Clinical decision support issues Electronic health record free-text/unstructured data (eg, clinical notes) Registry/trial data (eg, case record forms case record forms and questionnaires) Structured data/electronic health record (eg, lab values and smoking status)
Context completeness Excellent: contextual information can be included. Poor: context is essentially absent as a priori interpretation is an integral part of recording data in case record forms. Depends on implementation. Context may be lost because of predetermined categorization.
Machine readability Poor: information is mostly useful for case-specific usage by humans. May require text mining/text retrieval to convert to a machine-readable format. Good: data are uniformly formatted and can be parsed by computers. Excellent: data can be parsed or directly used by computers.
Translatability (between institutions) Poor: free text contains jargon-specific, ambiguous abbreviations (eg, PCI: percutaneous coronary intervention/prophylactic cranial irradiation). Excellent: trial data are usually collected using a standardized protocol, allowing for interoperability between institutions. Good: lab values can be converted using reference values. Structured data, such as smoking and hypertensive status, can be reformatted for interoperability.
Noise resistance Very poor: These type of data are very sensitive to interobserver noise (eg, personal abbreviations, spelling mistakes, and personal focus in recording certain types of information). Excellent: data are recorded in a standardized way, designed to prevent noise. Good: data are often machine-derived or recorded in a standardized way. However, bias because of differences in information-recording habits among health care professionals may arise.
Availability for reuse/general applicability Excellent: these type of data are readily available, contain a lot of context (see Context completeness), and can thus be repurposed for a variety of applications.
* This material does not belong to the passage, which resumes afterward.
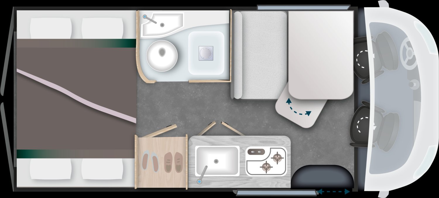 Hill descent control, Jantes acier avec enjoliveurs 15'' gris, Pré-équipement TV, Chauffage au gaz, Rétroviseurs électriques dégivrants, Extension table dinette, Marchepied électrique, Lanterneau panoramique, Climatisation manuelle de cabine, Régulateur/limiteur de vitesse, Traction +, Sièges de cabine pivotants réglables en hauteur + accoudoirs, Fenêtres double-vitrage avec combiné stores moustiquaire

Limited: trials are designed and conducted for one specific research question. Excellent: these type of data are readily available and can thus be used for a plethora of purposes.
Design flexibility Excellent: study design can be revisited if unanticipated bias effects arise. In this sense, bias could be corrected by altering the data selection. Poor: study design is hit-or-miss. Bias cannot be corrected after the data recording process. Excellent: study design can be revisited if unanticipated bias effects arise. In this sense, bias could be corrected by altering the data selection.